Consumers have been fearing a rise in interest rates recently, however a number of banks and building societies have just announced mortgage rate falls, which should help reassure property owners that the cost of their mortgages is unlikely to rise in the near future.
The announcement that two of the interest rate setters in the August Monetary Policy Committee (MPC) meeting had voted for a rise in interest rates, sent shivers through the property market as borrowers worried that the era of record low interest rates was likely to end soon.
The rest of the MPC voted to keep base rates at 0.5% and the subsequent announcements that inflation in July had fallen to 1.6%, well below the target of 2%, and that wages had also fallen slightly, points to the possibility that borrowing costs will remain low for the foreseeable future.
This outlook appears to be encouraging a number of banks and building societies to retain the competitiveness by reducing some of the mortgage interest rates, particularly for low LTV products.
Yorkshire Building Society has announced a reduction on interest rates on ten of its 65% and 75% LTV mortgages. This means that the costs of a two year fixed rate mortgage, with a 65% LTV, has fallen from 1.74% to 1.6%, however there is a £845 application fee. Their five year fixed rate has also been reduced to 2.89%, again with the £845 fee.
The changes come into effect today (Monday September 15) and are available to customers online, in branch and by phone.
Chelsea Building Society has cut the cost of its lowest rate mortgage to just 1.55% as part of reductions on six of its 65% loan to value (LTV) mortgages. The society is reducing interest rates by up to 0.24% on its two-year and five-year fixed rate mortgages, including offset equivalent products.
The rate changes also come into effect today.

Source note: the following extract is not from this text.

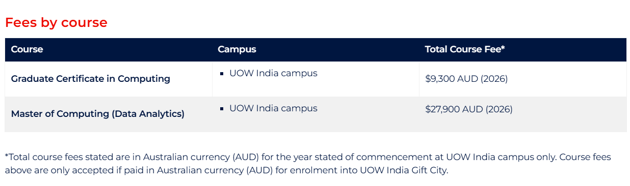 Certification Computing Fees at University of Wollongong India Gandhinagar covers a range of expenses, including tuition fee, course materials, and access to campus facilities.

These welcome rate falls come hot on the heels of mortgage reductions from Barclays on its 2, 3 and 5 year residential fixed rates. The bank has also launched a new competitive 70 per cent LTV two year fixed rate as well as reducing both 70 per cent BTL 2 years fixed rates by 0.30 per cent to 2.99 per cent.
VirginMoney has also joined the party with reductions of up to 0.26% on two year fixed rates and fals of up to 0.2% on five year fixed rates. These reductions also come into effect today.

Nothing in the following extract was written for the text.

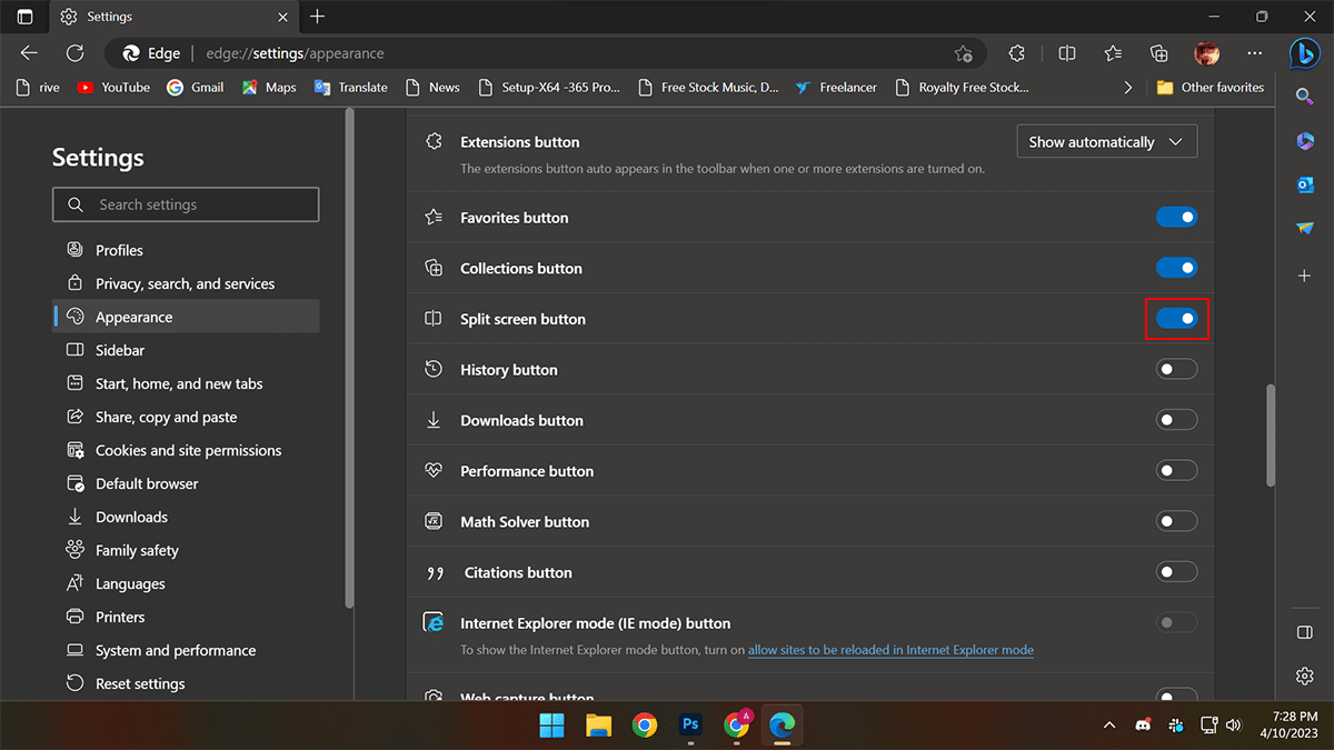 Facultatif: Si vous souhaitez activer ou désactiver la fonctionnalité, vous pouvez le faire à partir de la page des paramètres edge://settings/apparence sous la section « Sélectionner les boutons à afficher dans la barre d'outils ».

House sellers seem to have taken encouragement from the prospect of continuing low interest rates as Rightmove is reporting that the average asking price for a house in the UK has risen by 0.9% (up to £264,875) in September following the 2.9% contraction in August.
However as Russell Quirk, Founder & CEO of eMoov.co.uk, points out, these are asking prices and not the sale outcomes.
“It’s clear that the rate of increase in pricing is slowing and which indicates that sellers are becoming more realistic, especially in the capital.
“But this is a good thing. The media hyped increases in value over the past 12 months or so, especially in London, were completely unsustainable and this cooling will make for a more sensible balance in the short to medium term. It may even stave off an interest rate hike given the Bank of England’s prior warnings that an overheating housing market would trigger such a reaction.”, Quirk went on to say.